Поезд заскользил вдоль перрона. Никто не махнул ему вслед рукой, не улыбнулся, и хорошо — он не хотел взваливать на других даже часть своей ноши. Я сам, сам! Он давно был в одиночестве, потому что людей, как самостоятельных существ, не воспринимал. Нет, легко привязывался, увлекался, но… другой казался ему продолжением собственного пространства: его несостоявшимся прошлым, его будущим в разнообразных ракурсах, в другом времени… Он нашел в себе и жадность Фаины, и мелочную гадость Ипполита, и патологическую обстоятельность, и страсть к безоглядному обжорству и пьянству, и тщеславие, и многое другое, что видел в окружающих его персонажах. Потому и видел, что узнавал свое. И таким образом мог понять другого. То, что он не мог приписать себе, обнаружить в своих закромах хотя бы под увеличительным стеклом, вызывало в нем глухое непонимание и недоумение. Мать, отец, Мартин всегда были его частями, частицами, а после смерти перешли в полное распоряжение — он принял их окончательно, боролся и спорил с самим собой. Какими они были — живыми, он не знал, и это иногда ужасало его, как может ужасать жизнь в мире теней. А вот с Аркадием все пошло не так.
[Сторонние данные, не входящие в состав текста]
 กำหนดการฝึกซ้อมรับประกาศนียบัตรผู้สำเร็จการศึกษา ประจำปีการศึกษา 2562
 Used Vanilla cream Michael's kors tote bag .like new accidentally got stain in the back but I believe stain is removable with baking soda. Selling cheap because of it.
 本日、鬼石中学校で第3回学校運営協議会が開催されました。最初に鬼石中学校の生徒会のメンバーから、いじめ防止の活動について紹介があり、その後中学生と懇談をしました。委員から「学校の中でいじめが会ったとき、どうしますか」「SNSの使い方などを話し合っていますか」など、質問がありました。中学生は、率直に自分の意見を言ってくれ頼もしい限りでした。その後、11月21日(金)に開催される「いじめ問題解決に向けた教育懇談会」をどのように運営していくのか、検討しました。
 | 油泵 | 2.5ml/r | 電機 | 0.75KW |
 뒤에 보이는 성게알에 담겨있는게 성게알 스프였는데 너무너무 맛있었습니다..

Почти сразу разочарование: лагерные истории надоели, собственное пространство не расширяется, новых ракурсов не предвидится… Старик оставался со своими глупостями, смешными страхами, дикими увлечениями, невежеством с точки зрения современной науки… Потом что-то начало смещаться — непостоянство Аркадия, его смешные и неуклюжие выходки, искренние слова, готовность всегда выслушать, накормить, помочь, утешить, их долгие беседы ни о чем, раздражавшие Марка, и в то же время такие необходимые… и главное, неизвестно отчего вдруг вспыхивающая жалость, недостойная сильного человека — то к согнутой спине, то к случайному слову или жесту, то к улыбке — все это вытащило Марка из его постоянной скорлупы; перед ним был человек в чем-то очень похожий на него, близкий, но другой, другой!.. Не вписывался в чужое пространство: выпадал — и оставался. Марк даже принимал от него слова утешения и поддержки, потому что чувствовал себя сильней старика. "Не так уж мне плохо, — говорил он, карабкаясь по темной лестнице, — вот Аркадию плохо, а он все равно жив, и даже веселится…" Он возвращался от Аркадия, будто выплакавшись, обретя мир под ложечкой, где жила-была его душа.
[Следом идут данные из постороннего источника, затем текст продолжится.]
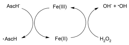 There are many examples describing the redox activity implications of a mixture of ascorbic acid with Fe2+ in the Fenton reaction [,,,,]. For example, the oxidation of benzoic acid by the Fenton reaction occurs more effectively in the presence of ascorbic acid []. It appears that the starting reaction rate of the ferrous–ascorbate complex with hydrogen peroxide is the same as free Fe2+. However, after Fe2+ was oxidized to Fe3+, the reaction rate decreased by about one order. It was concluded that in the presence of ascorbic acid the starting reaction rate is kept high due, to the fast reduction of Fe3+ [].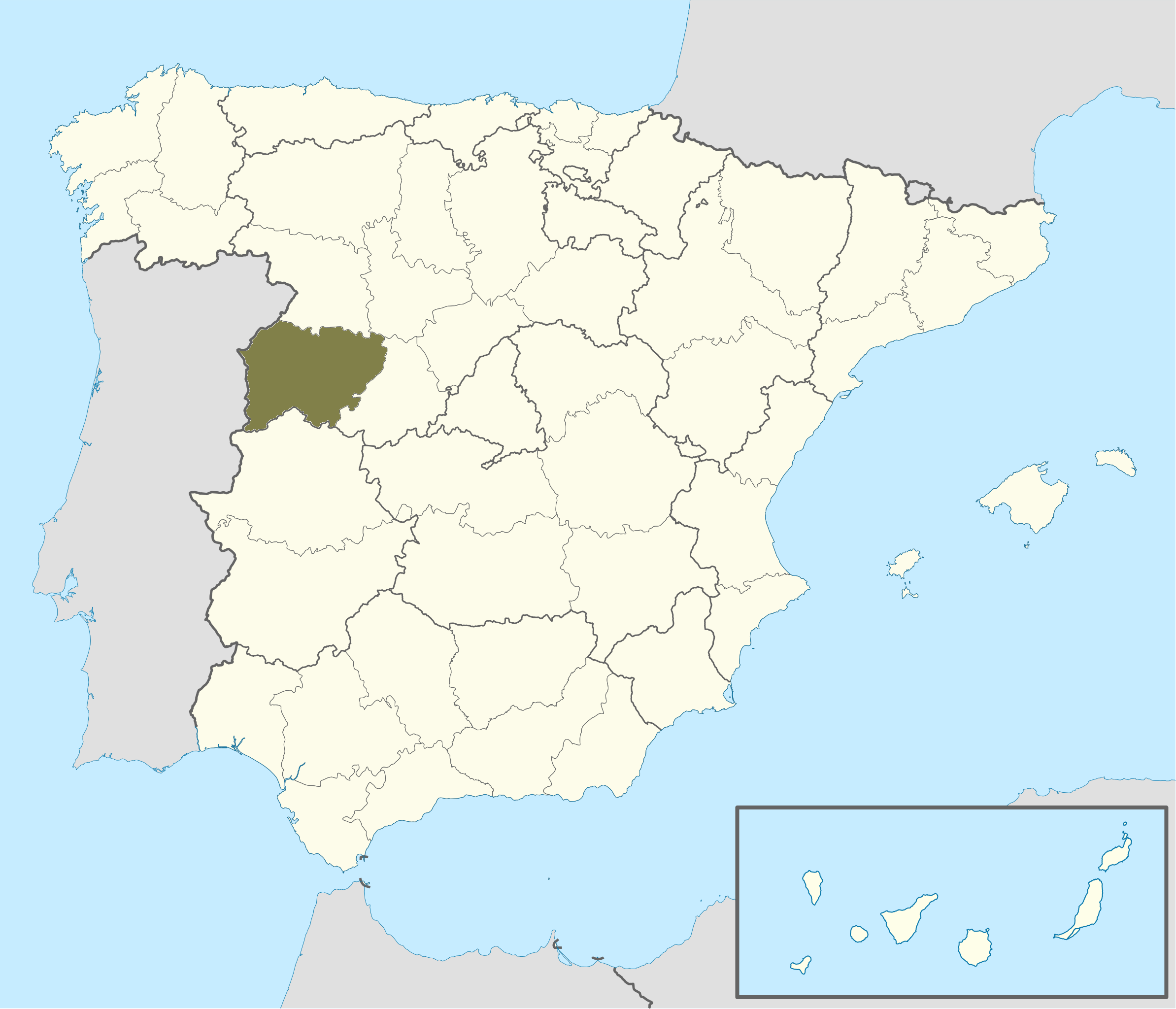 La provincia de Salamanca (en color oliva en el mapa arriba) se encuentra en el oeste de España, en el sudoeste de la comunidad autónoma de Castilla y León.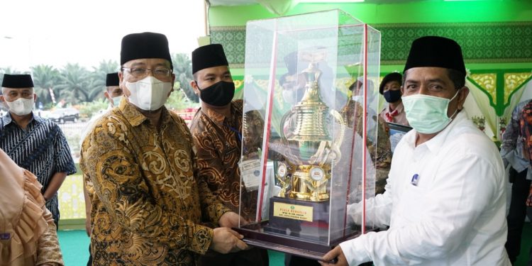 Ketua Dewan Hakim Drs. H. Abdul Rasyid didampingi Sekretaris Dewan Hakim Drs H Mahmuddin Lubis MM membacakan pemenang pada MTQ ke-52 tingkat kabupaten Asahan tahun 2021.

Он, конечно, не верил в нее, отдельную от тела субстанцию — смешно даже подумать! Не верил, но все равно представлял ее после своей смерти — трупиком с ободранной кожей и замученными глазками… "Это навязчивое желание представлять себе несуществующее, плодить иллюзии и заблуждения, и погубили во мне ученого, который обязан разводить далеко в стороны то, что есть на самом деле, и что копошится, колышется во мне самом…"
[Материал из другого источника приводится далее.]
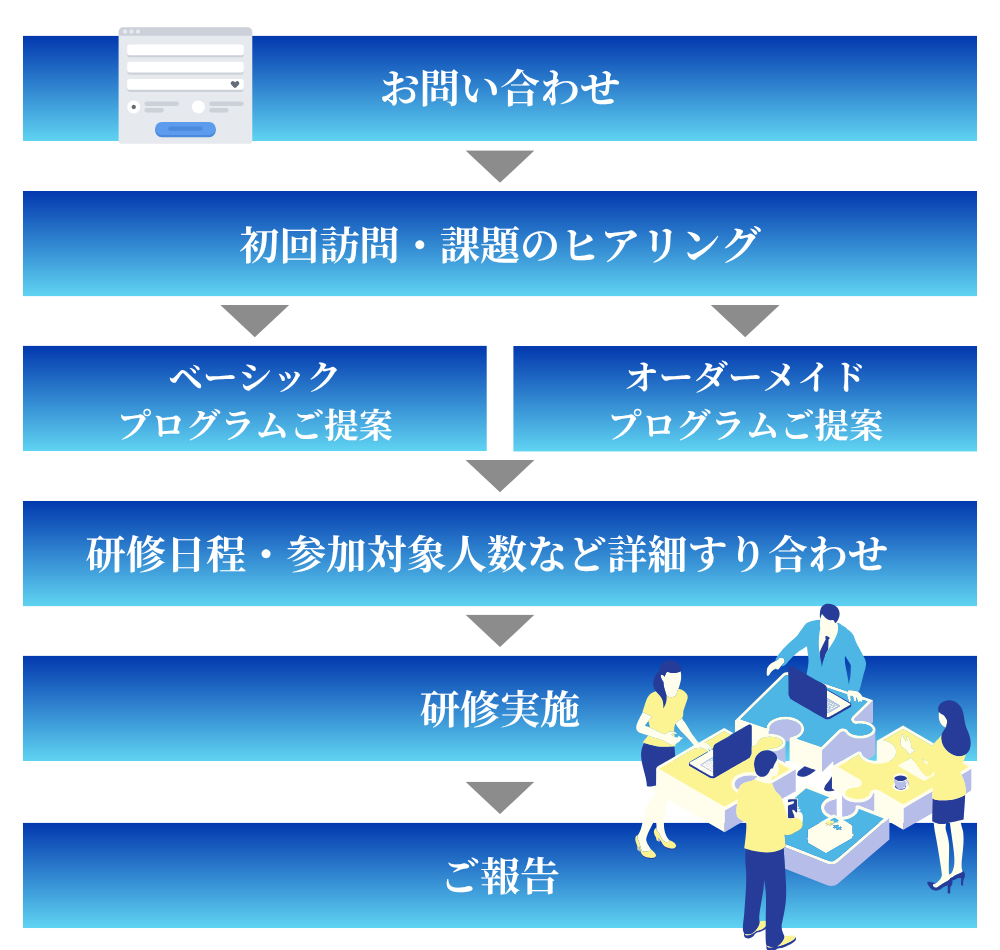 研修プログラムは、各企業の文化や課題に合わせてカスタマイズ対応です。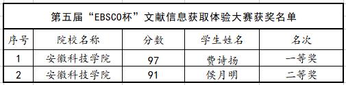 此外,在安徽省高等学校数字图书馆主办、图书馆协办的第五届“EBSCO杯”文献信息获取体验大赛中,我校费诗扬和侯月明同学分别荣获一等奖和二等奖。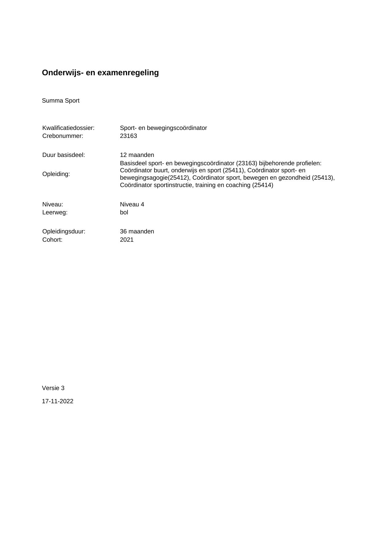 Sport- en bewegingscoördinator 23163BOL36.01 in cohort 2021-2022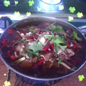 将煮熟的肉片和汤一起倒入刚刚的油菜酒精锅里,上面放川椒蒜瓣,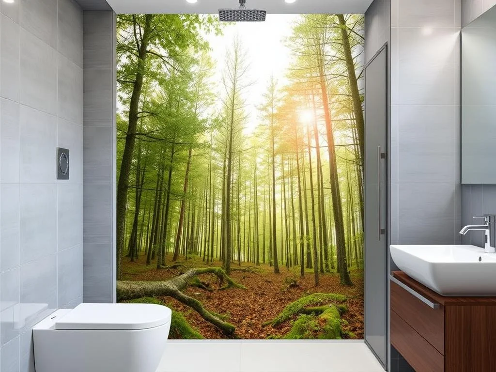 Geometrische Muster, abstrakte Kunst oder grafische Elemente können einen modernen, individuellen Look schaffen. Diese Designs sind besonders in zeitgemäßen Badezimmern beliebt und können gezielt Farbakzente setzen.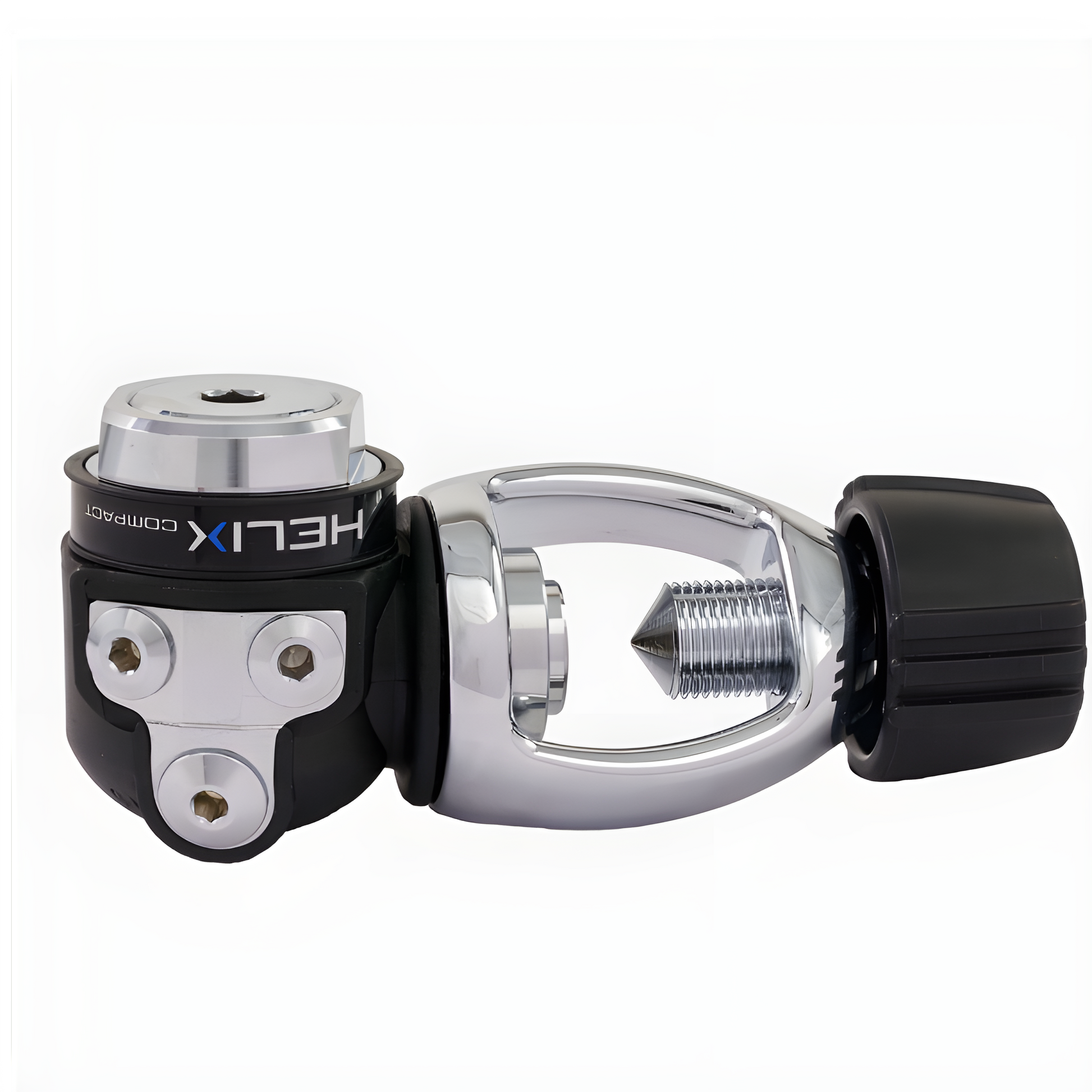 Something so small and light, you’d hardly notice it’s there that was the goal that led to the new Helix Compact. This regulator is designed for anyone looking to save space while maintaining the advantages of a full-sized regulator. It offers unparalleled comfort, breathing ease, and function in a travel-sized package.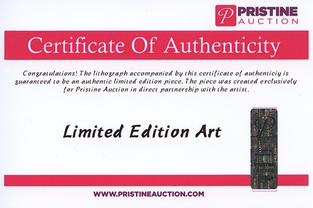 The piece was created exclusively for Pristine Auction in conjunction with the artist and includes a tamper proof serially numbered hologram and matching COA for authenticity purposes.

Он вспомнил, как говорила ему Фаина — "у тебя раздвоение души, ты не живешь мыслью, врешь себе… а вот я — живу…" — и тут же страстно грешила, объясняя это долгим воздержанием, тяжелой жизнью в молодости, постоянным умственным напряжением, от которого следовало отвлечься, любовью к сладкому, своей подлостью, наконец, интересом к нему — "ты забавный, молодой, страстный, как с цепи сорвался, дурачок…" И всю эту кашу считала разумным объяснением!

Теперь он видел, что ничуть не лучше ее! Где же, в каком мире живут люди?